Duke University Torts Principles in Determining Negligence & Intentional Claims HWSchool
Note: Must have access to below listed course book. Also, study guide is attached.
Kubasek, N., Browne, M. N., Herron, D. J., Dhooge, L. J., & Barkacs, L. (2016). Dynamic business law: The essentials (3rd ed.). New York, NY: McGraw-Hill Education.
Dave is a driver for Empire Courier Service. Around the company, Dave is known as sort of a hothead. During his previous employment at another company, Dave had been involved in a workplace fistfight with a fellow employee, resulting in criminal charges.

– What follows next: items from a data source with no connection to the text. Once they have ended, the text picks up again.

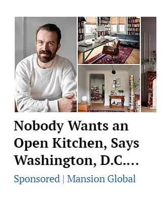 Échale un vistazo a este anuncio nativo de Mansion Global, el website de noticias y catálogos de propiedades de lujo. El anuncio dirige al usuario hacia un artículo sobre el diseño de cocinas, que incluye una entrevista a un arquitecto de renombre de Nueva York. La publicidad no intenta vender una mansión. Lo que pretende es atraer a una audiencia relevante y conducirla a su website, donde podrá suscribirse a newsletters, consultar anuncios de propiedades de lujo y, tal vez, algún día, comprar una mansión.
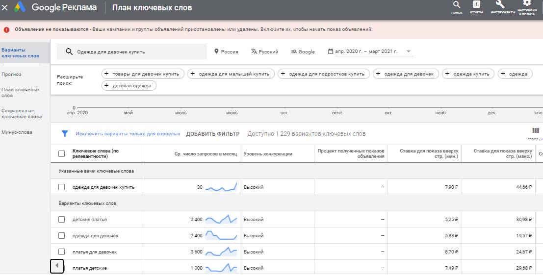 Рисунок 2. Планировщик ключевых слов
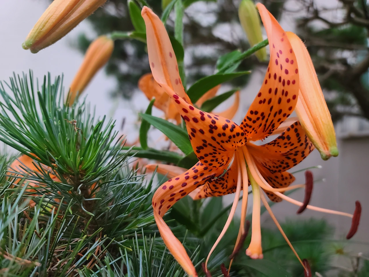 활짝 펼친 주홍빛 날개로
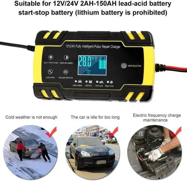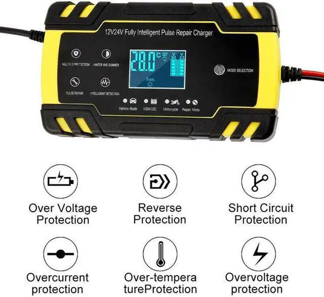 Motocycle Battery Charger Intelligent Pulse Repair LCD Display Charging Device
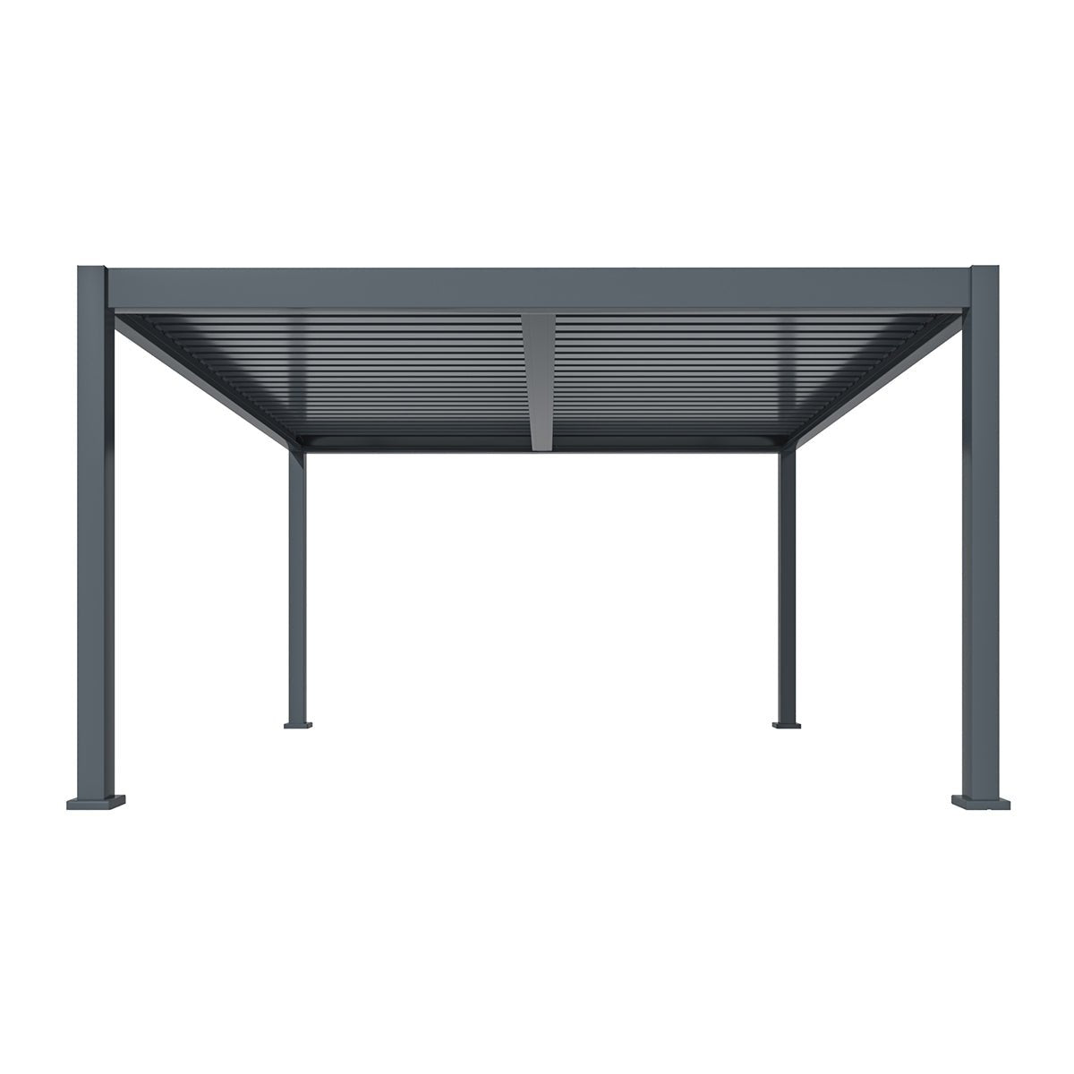 The Maze Eden Pergola Aluminium Square 4m x 4m Frame Only in Grey is a perfect way to create a stylish, covered area in your garden. Crafted from high-quality UV resistant aluminium which is resistant to fading and protects you and your family from harmful UV rays. The Maze Pergola is made with 100% weather resistant materials ensuring a solid maintenance free construction. The motorised tilting roof louvres can be set to closed, sheltered, or open with the simple switch of a button on your remote control. Alongside the movement of the louvres, the remote also controls the colour-changing LED lights which are integrated underneath the inside of the pergola roof frame structure. The selection of colours available to display make this the perfect way to extend your outdoor experience into the evenings. The Maze Eden Pergola features a built-in drainage system, rainwater that lands on the closed louvres will flow into U-shaped channels, along the roof framework and down hollows within the pergola columns onto the ground via a small opening at the base of each column. This clever system means that you won’t need to worry about opening or closing the roof louvres to clear water from the top of the structure, this has all been taken care of for you. Available to purchase separately are the Eden drop screens and louvre panels providing additional privacy and protection from the elements. The Eden drop screens made from Textilene feature a new zip lock and slot directly into the framework of the pergola columns, or if you fancy something a bit more striking, we also have the Eden aerofoil blade louvre panels with fixed positions to give more personalisation than ever before. Exclusive to this Pergola is the Eden Pergola Heater which can be fitted to the internal framework of the pergola to make long evenings in the garden even more luxurious.

One day, between deliveries and in a company vehicle, Dave decides to get lunch. While leaving the parking lot at Big Burrito Bistro, the favorite lunch spot for most Empire Courier employees, Dave negligently causes a car accident with another vehicle, resulting in injuries to Victor, the driver of the other car. As Dave and Victor are waiting on the side of the road for the police to arrive, Victor comments to Dave, “Oh, you drive for Empire Courier Service. It doesn’t surprise me that Empire hires bad drivers because their service stinks, and their prices are too high!” Dave is so offended that Victor would insult his employer’s professional reputation that he punches Victor in the face, causing Victor to suffer even more injuries. Empire Courier Service does not, as a matter of policy, do criminal background checks on its employees.
Considering the legal principles discussed in Chapter 20, explain who is liable for Dave’s negligence for causing the car accident, and explain who is liable for Dave’s intentional tort for punching Victor. Provide your answers in a case analysis of a minimum of 500 words. Cite any direct quotes or paraphrased material from outside sources. Use APA format.